2011.04.01 Inaugural Meeting
Attending: Josh, Jason, Simon, Andy
Agenda
- Matters Arising (<10 mins)
- New Hires (5 mins)
-
Hardware
- "4 CPUs (up to ~3.3GHz each), 50 - 100GB storage, 8GB memory."
- "Initially this would share the host machine's network card but we would look to order a separate 1GB card (in the coming days) which would be dedicated to the VM, cost is likely to be £100-200 (charged to SHIP). If you think this isn't going to meet the immediate resource needs then we will need to purchase a new host server."
- "The VM will reside inside the university firewall but outside of ours, and not on our domain - thus it will have a 134.36.204."
- "IP and be accessible across the uni network, but not externally. If external access is needed then this would be need to be authorised by ICS."
- "We can provide a Windows 2008 R2 VM or we can host a Linux VM, either way you can have full admin rights. Thus if you have an existing template VM that we can host within HyperV - please make this available to us. If you don't then please indicate which OS is preferred - n.b. we can setup the win2k8 instance very quickly as we have templates."
- Access to Datasets (10 mins)
-
Requirements for initial prototype (20 mins)
- group-based v. individual based
- requirements on auditing, who's reviewing how; per row
- Requirements for Wellcome visit demo (20 mins)
-
Any other business (<5 mins)
- Process & visibility of web resources
Notes
* Matters arising
* Don't need privileges on plone (yet); have privileges on trac
* New Hires
* Job ad is out on monster
* Has it been posted to NoSQL? Not yet
* http://www.lifesci.dundee.ac.uk/vacancies/2011/03/30/software-developer-2-posts
* Simon also looking into known developer groups
* Andy: http://careers.stackoverflow.com/
* Simon official?
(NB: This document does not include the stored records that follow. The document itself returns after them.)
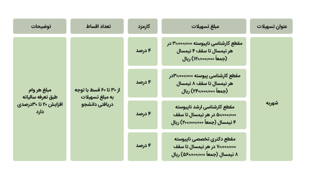 تسهیلات اداره رفاه و تسهیلات دانشجویی در قالب ردیفهای اختصاصیافته مقاطع دکتری، کارشناسیارشد و کارشناسی بهصورت وام شهریه به شرح جدول زیر به دانشجویان ارائه میشود (برای سال تحصیلی 1403-1404).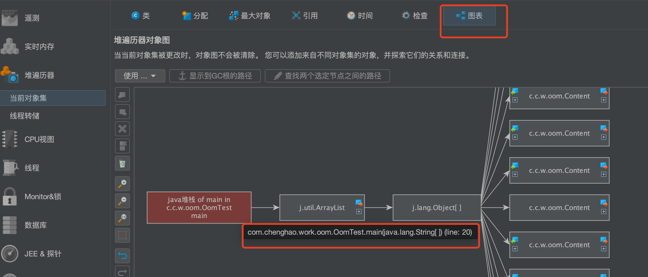 在图表中可以看到有问题的代码行数和对象调用情况。然后回到代码解决问题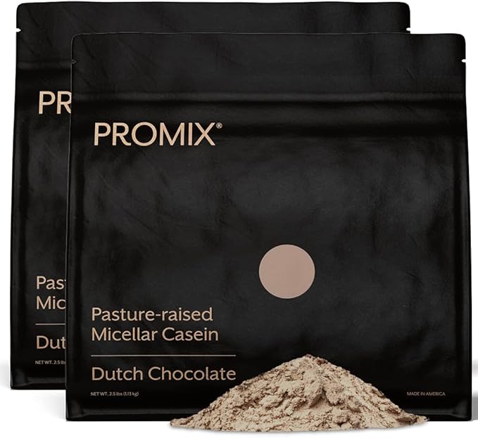 - Slow and Sustained Recovery: Promix Casein Protein Powder is a cold-processed and acid-free bioactive native casein made from milk of grass-fed cows. This lightly sweetened powder contains highly branched alpha/beta/kappa-proteins for a sustained release of amino acids for bedtime use, as well as sunflower lecithin for improved absorption and blending. Chocolate flavor. 58 servings per container, 2 scoops per serving.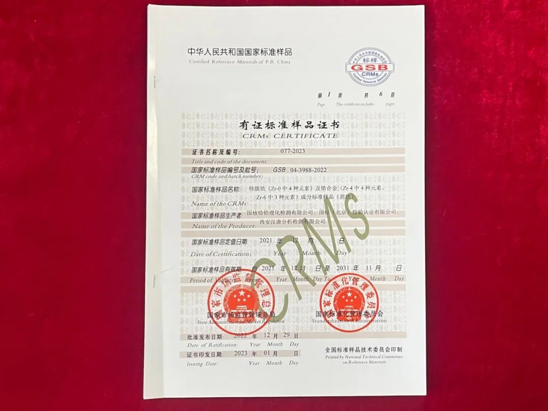 2月27日,國(guó)核鋯業(yè)收到由國(guó)家市場(chǎng)監(jiān)督管理總局和國(guó)家標(biāo)準(zhǔn)化管理委員會(huì)簽發(fā)的標(biāo)準(zhǔn)樣品證書。該標(biāo)準(zhǔn)樣品由國(guó)核鋯業(yè)理化檢測(cè)主導(dǎo)研制,經(jīng)全國(guó)有色金屬標(biāo)準(zhǔn)樣品鑒定會(huì)評(píng)審鑒定,是國(guó)內(nèi)首個(gè)獲批的核級(jí)鋯及鋯合金標(biāo)準(zhǔn)樣品,打破了我國(guó)核級(jí)鋯材檢測(cè)溯源、監(jiān)控長(zhǎng)期依賴進(jìn)口的局面。

As far as we know.
* Hardware
* VM with full admin rights
* Hosted by HIC (physical environment - similar to J. Monk's)
* Can move the VM elsewhere
* One genetics file is a Gig.
* NIC to the cluster.
* Should only be able to see 134.36.204.*
* Andy: May need to pester Simon to get it configured.
* Simon: patched & updated debian (with our keys), put up somewhere so Andy can access it
* leading into to dataset...
* Datasets
* Josh: what can't we do with the data on the VM?
* Andy: "don't download data" / "data should stay on the VM"
* Can pipe it, but ...
* SOPs should protect us
* Not a real issue
* Perhaps a list of what people can and can't do
* Simon: shell into box, but don't scp all the data
* Andy: just behave and their are no problems
* At the moment, we don't have any control anyway (what we're trying to fix)
* Jason: everyone sign?
* Andy: anyone who can access VM needs to sign.
* Josh: use SSH keys. Simon in charge; only people who Andy has ok'd.
* Prototype
* Andy: group-based at the moment (within GoDARTs)
* smallest group can be one person
* never heard of a project with individual permissions
* for pilot, group is fine
* Auditing system
* Andy: never done this before
* Just setting it up on the Oracle box
* Auditing of every query which is run
* login
* select of one record, etc.
* admins are tracked as well
* Reviewing by default only done by HIC data coordinator (Alison & Andy)
* Already have external audits by independent company
* But they may do it through the HIC offices
* researcher signs SOP, need to make sure data is used appropriately
* i.e. visualize spot check
* Level 1
* human recalling time-series of what researcher did
* Level 2 could be audited, but outside the scope for the moment
* Simon: ok to instant message you to clarify points?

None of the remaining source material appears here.